McCarthy, described as a “diamond-level ass-kisser,” sought to explain away a controversial visit last year to Mar-a-Lago, Trump’s Florida resort home, less than a month after condemning his involvement in the deadly Jan. 6, 2021, riot at the Capitol.
“Look, I didn’t want him to leave the party,” McCarthy told Leibovich.
“People criticize me for having a relationship with the president. That’s my job,” he added.
But the House GOP leader remained tight-lipped when asked if he wanted Trump to launch a 2024 White House bid.
“He flashed me a dirtier look,” Leibovich writes of McCarthy’s response.
“I think it’s a long way away,” the California Republican said. “There’s a lot that can happen between now and then.”
McCarthy’s office did not immediately respond to ITK’s request for comment.
“We’ve created a whole entertainment wing of the party,” former Speaker Paul Ryan (R-Wis.) told Leibovich. “This has given rise to amoral opportunists who have found they can scale politics much faster than the meritocracy of proving yourself. Instead, they just become quick celebrities and entertainers.”
When ITK wonders if he’s concerned about continued access to D.C.’s GOP power players — particularly after calling Trump’s sycophants in Congress the “most pathetic men in America” in The Atlantic last week — Leibovich says, “It’s funny, when I wrote ‘This Town,’ everyone was like, ‘Well, you’ll never eat lunch in this town again. And these people will never talk to you again.’”

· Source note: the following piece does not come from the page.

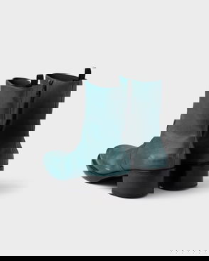 Ankle-high calfskin suede boots in blue. · Trompe-l'œil effect printed throughout· Patch pocket at vamp· Logo plaque at heel counter· Lambskin shearling lining· Treaded rubber sole.

He points out that he’s penned “hundreds of profiles” since then, quipping, “The obvious answer is I’m just charming and irresistible.”
And Leibovich insists that “Thank You for Your Servitude” isn’t just another anti-Trump literary hit job.
“This is not a Trump book. I’m not trying to out-Woodward Woodward,” he says, referring to acclaimed Washington Post journalist Bob Woodward. “I’m not trying to find the ultimate intrigue. And I’m not trying to psychoanalyze anyone. But I do think that the enablers have been sort of the underreported part of all of this.”
Leibovich says that the 76-year-old ex-president’s grip on the Republican Party shows no sign of loosening.
“A former Republican congressman told me recently that the party’s only real plan for dealing with Trump in 2024 involved a darkly divine intervention. ‘We’re just waiting for him to die,’ he said,” Leibovich writes in his book.
“That was it, that was the plan. He was 100 percent serious,” he adds.
The big spoiler for Washington types might be that unlike “This Town,” which famously didn’t include an index to avoid the D.C. cliché of publicity-hungry social climbers just skimming the back of the book to find their names, “Thank You for Your Servitude” comes complete with a guide to everyone’s who’s in it.
“The fact that ‘This Town’ didn’t have an index was sort of just cute at the time, but ultimately it was a pain in the ass,” Leibovich says with a laugh.
“I like look back and think, ‘Wait, did I write that?’” he adds.
“I’ve been victimized by my own cuteness,” he says.